55x Speedup of Andrej Karpathy's Minbpe LLM Tokenizer with PyTorch/CUDA

kuprel · 2024-02-22T21:56:41

This adds PyTorch/CUDA training support to Andrej Karpathy's minbpe. It takes 2min 28sec (148 seconds) on an RTX4090 to train the BasicTokenizer with a vocab_size of 512 on 307MB of Enron emails. The original code takes 2hrs 15min (8076 seconds) on an M2 Air with Python 3.11 to do this. That is a 55x speedup.

threesevenths · 2024-02-23T15:23:00

Am I reading this right? A 55x improvement while also going from an M2 Air to an RTX 4090?

If so this doesn’t seem like a logical comparison and the 55x claim would likely not translate when using the same hardware.

lostmsu · 2024-02-24T06:22:47

Why is it surprising? CPU-only M2 probably has under 1 teraops while RTX 4090 has 77. M2's GPU was not used, but even it only provides around 4 teraops, so would have been ~20x slower than 4090.

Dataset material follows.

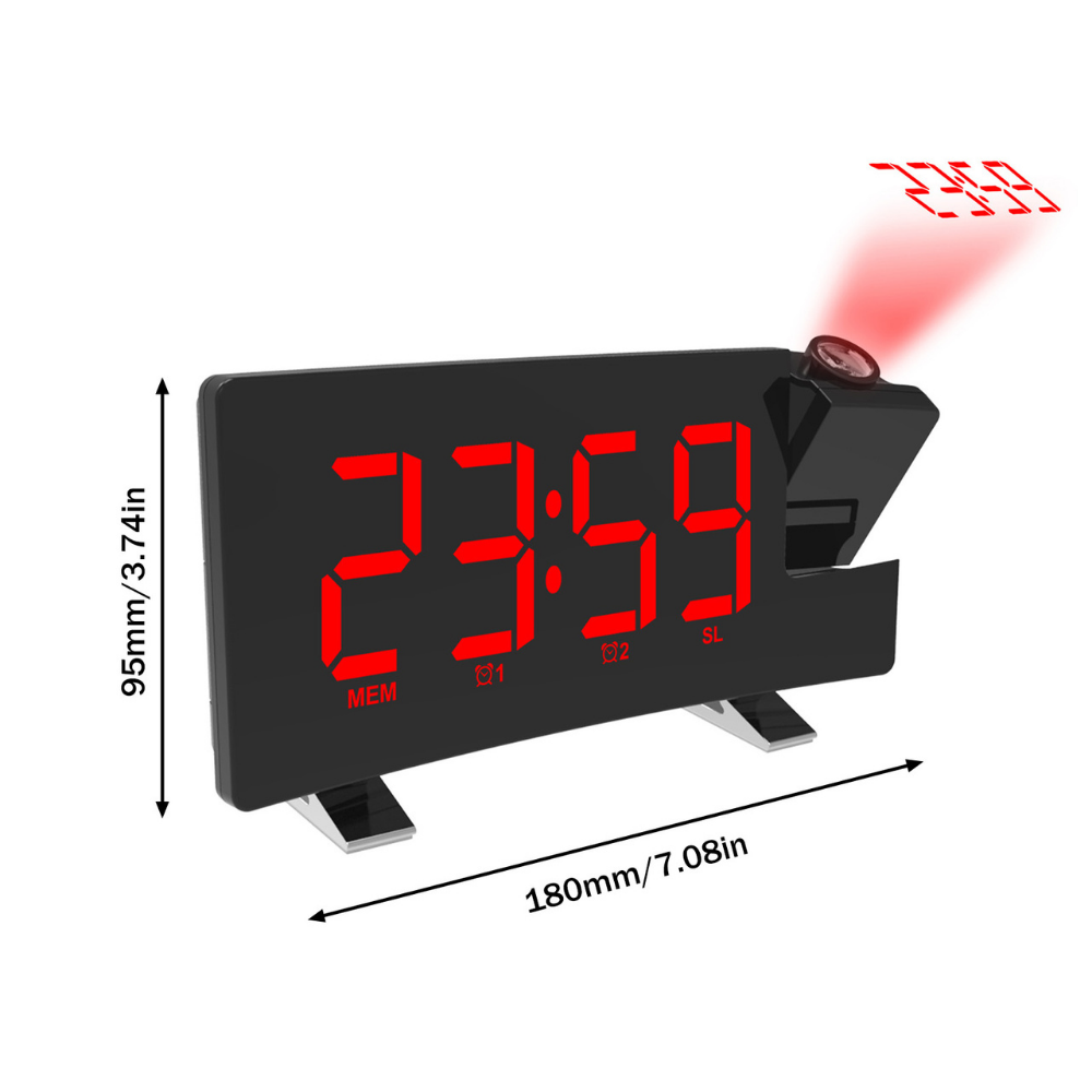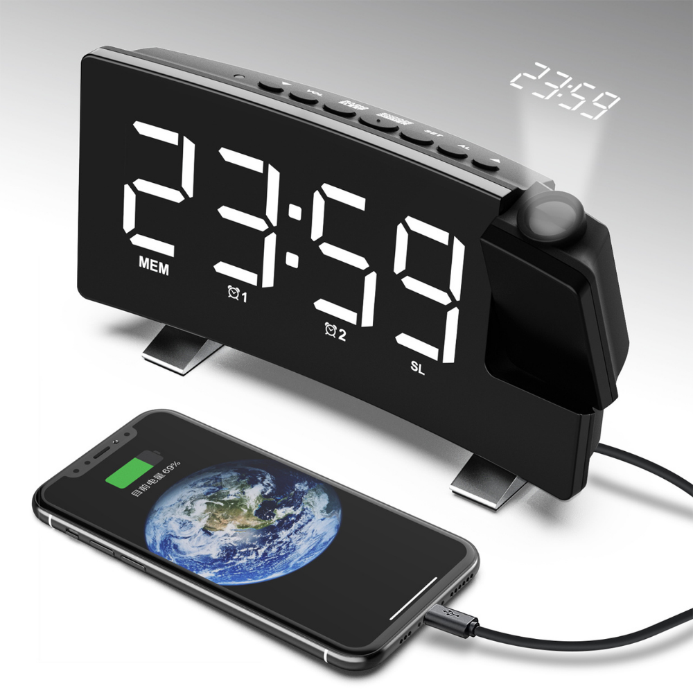 Projeksiyonlu 180° Ayarlanabilir Yatak Odası Saati Radyo ve Ayna Özellikli Şık Dekoratif Masa Saati

kuprel · 2024-02-23T17:06:10

The M2 Air was actually much faster than whatever CPU was on the cloud RTX4090 machine I rented. I chose the stronger benchmark to compare to

kuprel · 2024-02-23T20:16:52

Using int16 and an H100 the speedup is actually 108x over the M2 air

Havoc · 2024-02-23T01:18:27

> 307MB of Enron emails

Wait what?

Is that some sort of inside joke?

_aavaa_ · 2024-02-23T01:32:47

Nope!

See for example: https://www.cs.cmu.edu/~./enron/

Havoc · 2024-02-23T15:32:23

> This data is valuable; to my knowledge it is the only substantial collection of "real" email that is public.

Interesting. Something good came out of Enron after all

erichocean · 2024-02-23T13:41:33

Now someone needs to do a Mojo version, and write up the blog post.